TheGe­neal­o­gist has given its Court & Crim­i­nal Records col­lec­tion a ma­jor boost with the ad­di­tion of around 500,000 records re­lat­ing to en­coun­ters with the law, whether the in­di­vid­ual in ques­tion was a vic­tim, ac­quit­ted, con­victed of a mi­nor of­fence or found guilty of a ma­jor crime such as mur­der.

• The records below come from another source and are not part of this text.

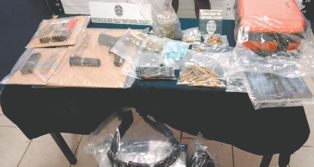 arma de fuego abastecida con 16 cartuchos, un cargador con 13 balas, una maleta que contenía un chaleco balístico, 80 cartuchos de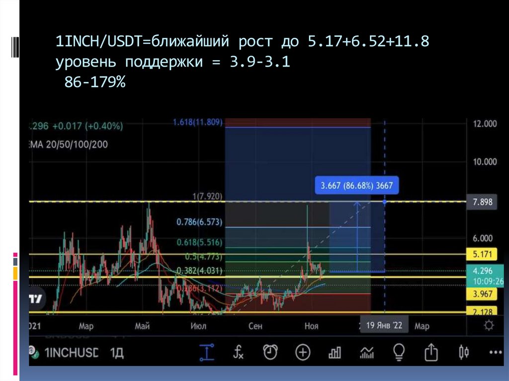 1INCH/USDT=ближайший рост до 5.17+6.52+11.8уровень поддержки = 3.9-3.1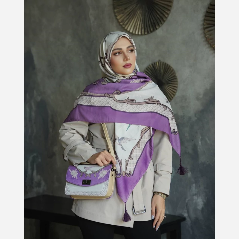روسری نخ ژاکارد طوسی سایز ۱۳۵ | ریشه سوزنی، ارسال رایگان

The newly added data (some of which is also avail­able at other sites) comes from two se­ries held at The Na­tional Ar­chives: • Home Of­fice Crim­i­nal Reg­is­ters, Eng­land and Wales (HO 77) • Reg­is­ters of Con­victs in Prison Hulks Cum­ber­land, Dol­phin and Ganymede (ADM 6). The fully search­able records can be combed for crim­i­nals, or peo­ple ac­cused of crime, by name or alias, and by the type of of­fence. The site has also uniquely added the fea­ture to search for more than 132,000 vic­tims of these crimes. Orig­i­nal page images of the books and reg­is­ters tran­scribed are also avail­able.

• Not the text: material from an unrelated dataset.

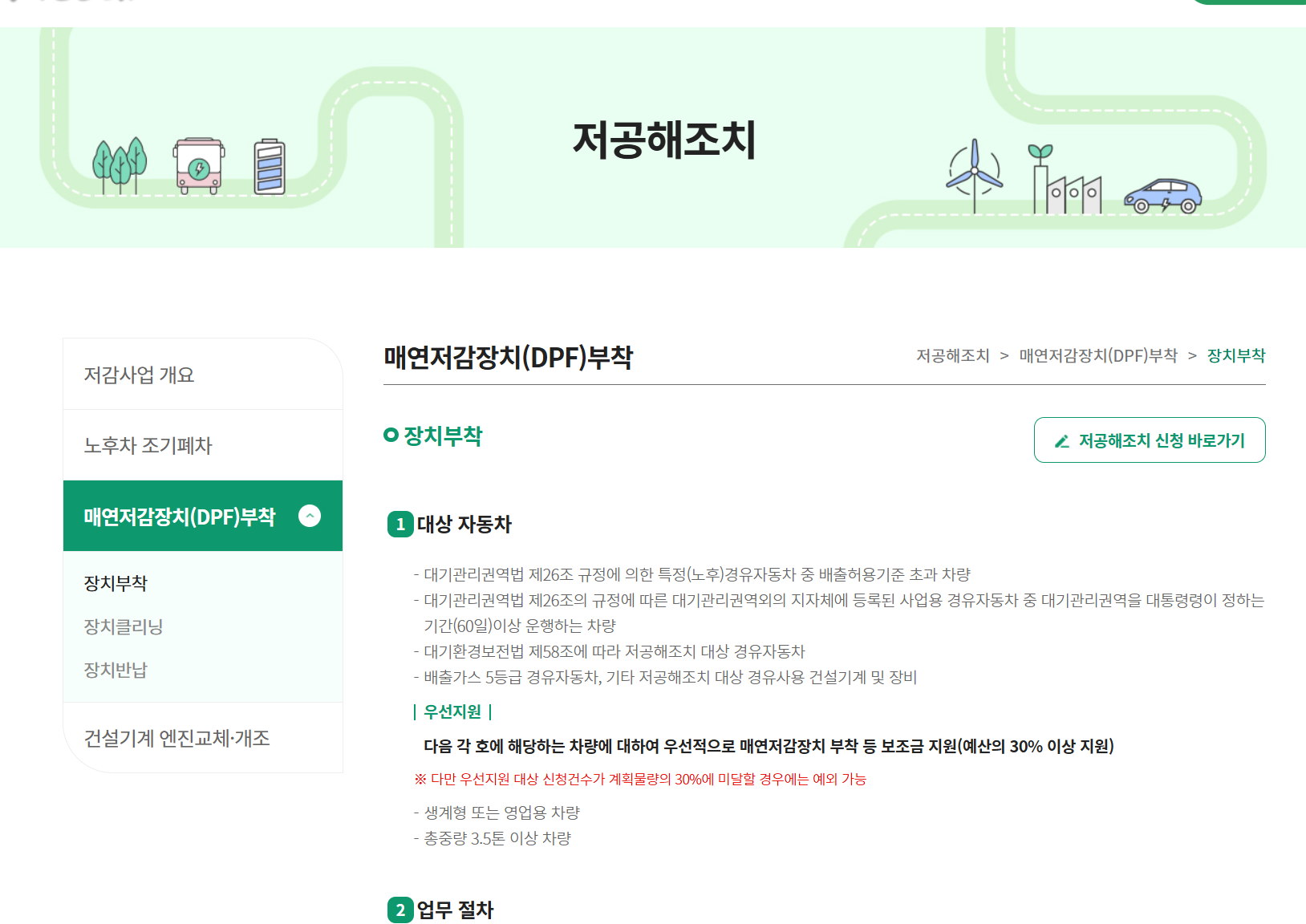 노후 경유차 폐차를 유도하고 매연저감장치(DPF) 부착을 지원하는

The records cover a broad range of trans­gres­sions. In some cases they are as small as the theft of items such as shirts, boots or pota­toes. There are also big­a­mous mar­riages, forg­eries and coun­ter­feit­ing, bur­glar­ies and mur­ders. Judge­ments like­wise vary greatly from fines, a short im­pris­on­ment in New­gate or a pub­lic whip­ping, to a longer spell in gaol, trans­porta­tion or the ul­ti­mate sanc­tion of death.

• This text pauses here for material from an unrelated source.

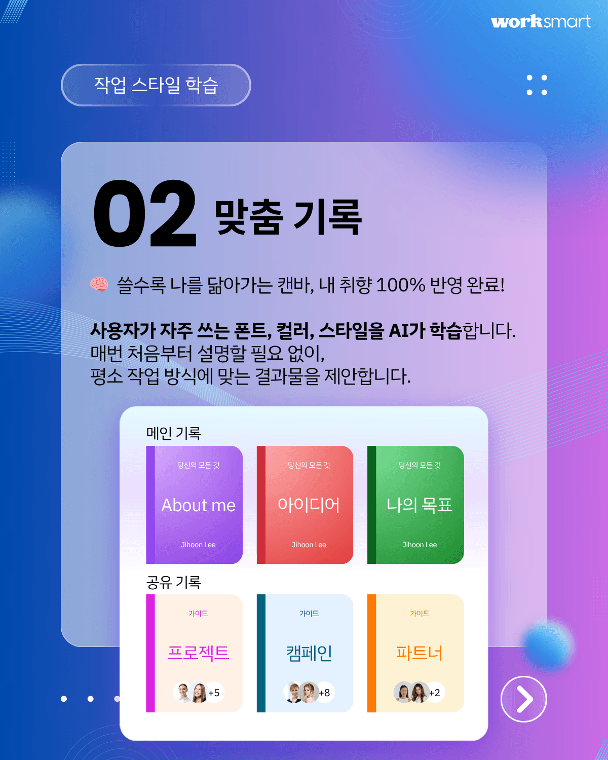 매번 원하는 레이아웃과 스타일을 반복 설명할 필요가 없습니다. Canva AI 2.0은 사용자가 자주 만드는 디자인 스타일을 학습하고, 점점 더 사용자의 취향에 맞는 결과물을 제안합니다. 기존 작업물을 학습시켜 커스텀 메모리 라이브러리처럼 활용할 수 있다는 점이 핵심입니다.

In one un­usual case, 63-year- old Joseph Pow­ell was im­pris­oned and whipped in 1814 for ‘pre­tend­ing to tell fu­ture events’, un­der a law made dur­ing Ge­orge II’s reign. Some­times the records pro­vide con­sid­er­able de­tail. For ex­am­ple, on 6 July 1826 the high­way rob­ber James Smith was con­victed at Bed­ford. The records show he was im­pris­oned in Bed­ford Gaol be­fore be­ing trans­ferred to the prison hulk Dol­phin 20 days later. The gaoler’s re­port fur­ther notes that the pris­oner had been ‘in­dif­fer­ent be­fore and af­ter his trial’ and that he had been ‘sev­eral times in cus­tody’. Smith was even­tu­ally trans­ported for life on 17 Septem­ber on the ship Al­bion.